What if a philanthropy were run like a venture capital-funded start-up? Welcome to the GreenLight Fund.
With seed money of about $12 million, GreenLight gives money to local organizations here, in Boston, and the San Francisco Bay Area. Local grantees then raise additional rounds of money - $32 million for social-impact work so far.
How does GreenLight Fund work here? Venture capitalist John Simon and Margaret Hall cofounded GreenLight as "a way to do philanthropy using the approach a VC firm would take," Philadelphia executive director Matthew Joyce said.
GreenLight's vetting process is similar: interviews with management teams, board members, and clients, plus a review of financial information and local landscape analysis.
Three organizations here were "greenlighted": Single Stop USA, Year Up, and the Center for Employment Opportunities.
Single Stop partnered with Community College of Philadelphia to screen every college student for benefits outside of financial aid, such as food stamps or tax credits for child care.
"The hope is to draw down resources students don't know they're eligible for and build marginal income, so they graduate," Joyce said. Typically, Single Stop helps students double their $5,000 in annual student aid income.
Year Up students spend six months at Peirce College in credit-bearing programs and another six months at an employer.
And in 2015, GreenLight gave seed money to the Center for Employment Opportunities (CEO), which helps reduce recidivism among men and women coming out of prison.

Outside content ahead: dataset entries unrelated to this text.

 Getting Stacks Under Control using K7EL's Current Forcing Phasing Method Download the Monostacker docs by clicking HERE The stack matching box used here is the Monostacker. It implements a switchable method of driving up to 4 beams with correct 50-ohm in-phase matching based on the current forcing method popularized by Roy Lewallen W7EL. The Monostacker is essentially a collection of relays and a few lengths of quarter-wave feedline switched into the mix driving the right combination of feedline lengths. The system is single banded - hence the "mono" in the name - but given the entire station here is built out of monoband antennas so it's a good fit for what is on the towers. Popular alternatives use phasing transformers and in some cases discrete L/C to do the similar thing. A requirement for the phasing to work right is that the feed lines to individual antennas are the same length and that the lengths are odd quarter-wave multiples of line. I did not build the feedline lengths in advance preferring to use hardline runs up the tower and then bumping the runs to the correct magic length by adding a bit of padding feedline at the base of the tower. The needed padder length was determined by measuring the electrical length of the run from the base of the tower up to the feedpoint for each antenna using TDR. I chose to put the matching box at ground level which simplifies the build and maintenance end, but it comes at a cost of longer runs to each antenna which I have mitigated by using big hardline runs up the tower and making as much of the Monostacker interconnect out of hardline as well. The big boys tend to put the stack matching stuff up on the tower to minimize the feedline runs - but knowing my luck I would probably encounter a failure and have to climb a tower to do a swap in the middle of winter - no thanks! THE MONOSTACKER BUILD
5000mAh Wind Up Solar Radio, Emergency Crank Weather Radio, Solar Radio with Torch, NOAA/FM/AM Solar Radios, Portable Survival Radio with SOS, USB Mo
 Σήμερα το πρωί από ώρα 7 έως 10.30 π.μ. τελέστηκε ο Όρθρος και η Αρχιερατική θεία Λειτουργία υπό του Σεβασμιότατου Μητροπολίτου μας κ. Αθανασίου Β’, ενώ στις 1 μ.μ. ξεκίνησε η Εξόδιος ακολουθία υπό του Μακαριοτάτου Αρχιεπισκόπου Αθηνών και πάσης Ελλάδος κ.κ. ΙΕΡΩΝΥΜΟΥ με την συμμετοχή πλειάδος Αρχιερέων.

"Folks released from jail transition into work right away. We partner with the city and the parks department," Joyce said. "Within a short time, CEO connects them with private-sector positions. Most of our money is spent in partnership with a public entity or other funders."
GreenLight typically seeds $600,000 annually for a few years, "as early-stage funding giving them runway to build relationships in Philly," Joyce said.

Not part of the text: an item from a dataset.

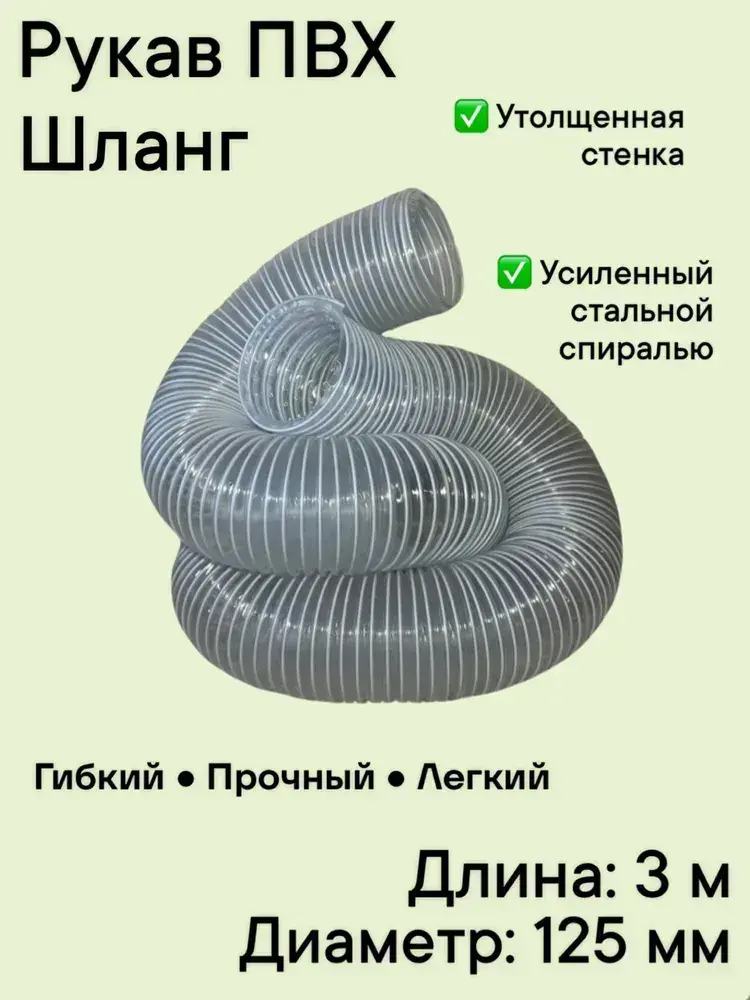 Воздуховод шланг рукав ПВХ 125 мм армированный проволокой шланг 3 м для аспирации стружкоотсоса и вытяжки
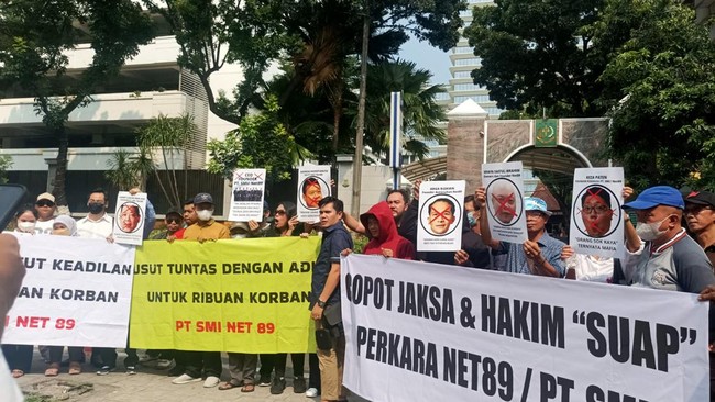 Jakarta - Paguyuban korban robot trading Net 89 menggelar aksi menuntut keadilan di Gedung Kejaksaan Agung Jakarta. Begini potretnya.

What about return on investment? The metric shouldn't just be numbers of people served, but cost per impact, said Katherina Rosqueta, founding executive director at the University of Pennsylvania's Center for High Impact Philanthropy.

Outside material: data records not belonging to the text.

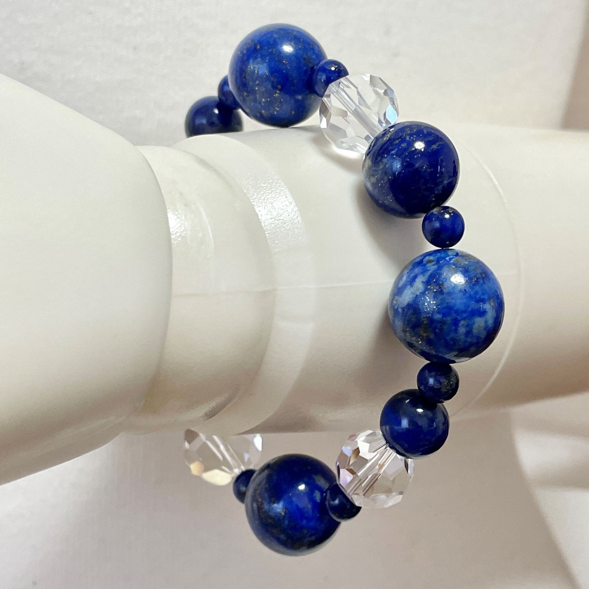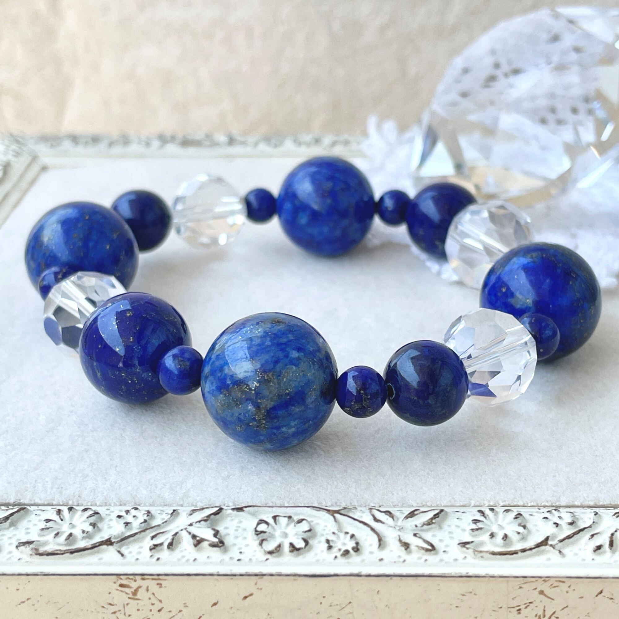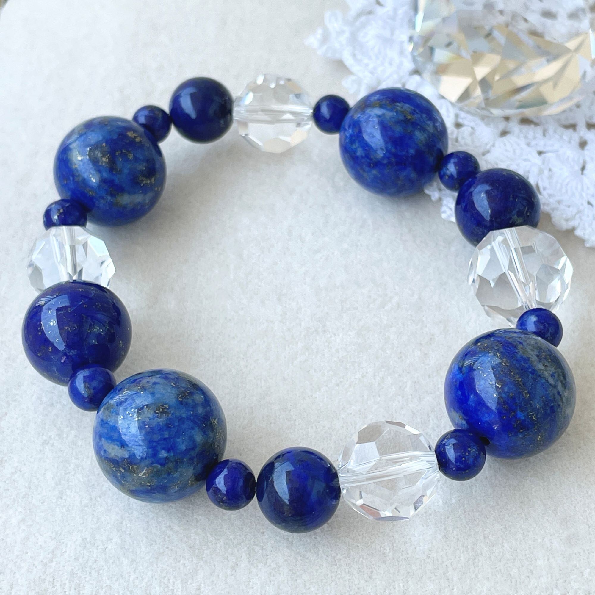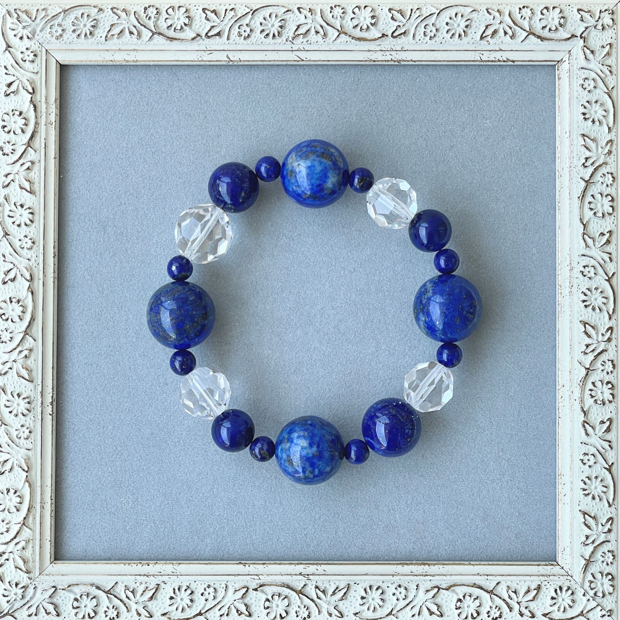 ronde 大玉のラピスラズリ+クリスタル(天然水晶)のブレスレット lpl-b-2307-14
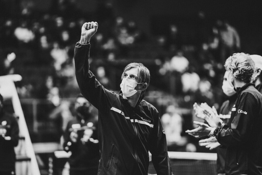 Maajoukkuekapteeni Nieminen muistelee Talin kabinetissa lämmöllä syyskuun maaottelua Intiaa vastaan Espoo Metro Areenalla. Suomi kukisti vierailijansa 3-1 ja eteni Davis Cup Finals -lopputurnauksen karsintoihin, jotka pelataan maaliskuussa 2022. Suomen vastustaja ja pelipaikka selviävät joulukuun alussa.
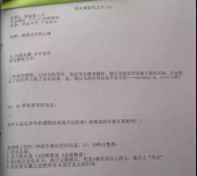 案发后,警方整理该团伙的诈骗剧本超过100多页,涵盖了30天里每一天诈骗内容的设定,包括几点钟发朋友圈,几点钟群发私信等。诈骗剧本堪比电影分镜头。

"For CEO, their big outcome is reducing recidivism. But there's also the cost savings to state governments of people not going back to prison. We help them do the math on the positive impact if CEO is successful," Rosqueta said.
Saj Cherian, vice president at the VC firm Kynetic in Conshohocken, said of GreenLight: "They can't just write a check and leave. We help [local grantees] along, because they have our money. Our goal is to identify worthy organizations, hire the social entrepreneur as executive, and bet on the jockey and the horse." Kynetic is the company formed by Michael Rubin, who sold GSI Commerce to eBay in 2011, and owns Fanatics, Rue La La, and ShopRunner.
GreenLight seeds newer, innovative nonprofits with the expertise of businesspeople, said Jeff Berstein, president of ImageFIRST Healthcare Laundry Specialists in Radnor.
"Philly is challenging," said Berstein, also a GreenLight board member. "Other nonprofits are in the same space and may look at the new entrant as a threat. There's a limited funding base."
New Mutual Fund
Local money manager Ted Aronson, who founded Aronson Johnson & Ortiz (AJO) here in Center City, said the $26 billion-in-assets firm launched its first mutual fund for retail investors.
Long patronized by institutional investors such as SEI and TransAmerica, AJO's first open-ended mutual fund is the BPV Large Cap Value Fund (symbol: BPVAX). The fund's expense is 0.80 percent a year. (AJO charges 0.30 percent as its fee, and BPV, for which AJO is subadviser, receives 0.50 percent).
AJO is a quantitative investment firm and hews close to the mutual fund indexes. This fund aims to outperform the Russell 1000 value benchmark by 2 percent a year before fees.
Currently, AJO is favoring insurance shares and underweighting bank stocks.
"We've been recently selling biotech names, since they've gone up a lot, and moving into big-name pharmaceuticals," Aronson said.
AJO is fully invested at all times, and Aronson said the stock market's "richly valued. The fly in the ointment is interest rates. When rates go up meaningfully, the stock market is vulnerable. I tell investors to put your seat belt on, and don't do anything rash. Stay the course. We know people, including myself, freak out when they shouldn't. It's almost trite to say, but it's proven to be true."